Daily Dicta: Major Hotel Chains Hit With Lawsuits Seeking to Hold Them Liable for Sex Trafficking
None of the plaintiffs allege that the hotels actively participated in their trafficking. But did they knowingly benefit from it?
December 12, 2019 at 01:12 AM
7 minute read
Can hotels be held liable for sex trafficking on their premises? A spate of new lawsuits is testing the theory.
In the past week, hospitality providers including Wyndham, Marriott, Hilton, Hyatt, Inter-Continental, Best Western, Red Lion, La Quinta and Choice have been hit with half a dozen heart-wrenching lawsuits by victims of sex trafficking, who say that the hotels knew—or should have known—what was happening under their roofs.
The new suits, filed in federal courts in Florida, Texas, Michigan, New Hampshire, Oregon and Washington, were all brought by different plaintiffs lawyers, including one of the biggest names of the bar—W. Mark Lanier of The Lanier Firm, who last year won a $4.7 billion verdict against Johnson & Johnson.
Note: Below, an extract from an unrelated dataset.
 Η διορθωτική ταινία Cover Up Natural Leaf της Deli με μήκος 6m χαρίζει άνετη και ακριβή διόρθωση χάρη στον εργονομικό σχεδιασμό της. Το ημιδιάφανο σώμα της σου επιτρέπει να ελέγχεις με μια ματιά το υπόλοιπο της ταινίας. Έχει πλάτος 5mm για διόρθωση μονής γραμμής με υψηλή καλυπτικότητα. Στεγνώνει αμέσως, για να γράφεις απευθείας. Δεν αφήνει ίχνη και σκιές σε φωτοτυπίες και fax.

"There are a handful of lawyers and firms that have decided that litigation can help reduce the human trafficking tragedy in the U.S.," Lanier told me. "We have met and discussed what legal forums and approaches are useful tools and we are united in our desire to see this horrific practice exposed and stopped."
The new suits follow in the tracks (and echo the language) of actions pending in the Southern District of Ohio, where a pair of suits filed in March have now survived motions to dismiss.
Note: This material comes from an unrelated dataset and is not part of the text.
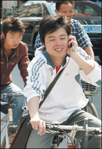 شنغهاي، الصين: صيني يتحدث عبر الجوال أثناء تنقله على الدراجة في شنغهاي. وتأمل شركة (تشاينا موبايل)، وهي أكبر مشغلة للهاتف الجوال في الصين، تدشين خدمات الجيل الثالث قبل نهاية العام، لكن نسبة للتأخيرات المتكررة ساد الظن بأن صناعتها قد لا ترقى إلى مستوى الصناعات المستوردة. وتجد الحكومة نفسها مضطرة إلى توفير خدمات الجيل الثالث في أسرع وقت ممكن قبل حلول

The suits invoke the Trafficking Victims Protection Reauthorization Act, which allows sex trafficking victims to bring civil actions against anyone who "knowingly benefits, financially or by receiving anything of value from participation in a venture which that person knew or should have known has engaged in an act in violation of this chapter" of the law.
None of the plaintiffs allege that the hotels actively participated in their trafficking. But did they knowingly benefit from it?
The specific allegations are sickening. For example, one plaintiff, identified as H.H., said she was trafficked for about eight months in 2015 at Motel 6 and Super 8 hotel locations in Columbus, Ohio.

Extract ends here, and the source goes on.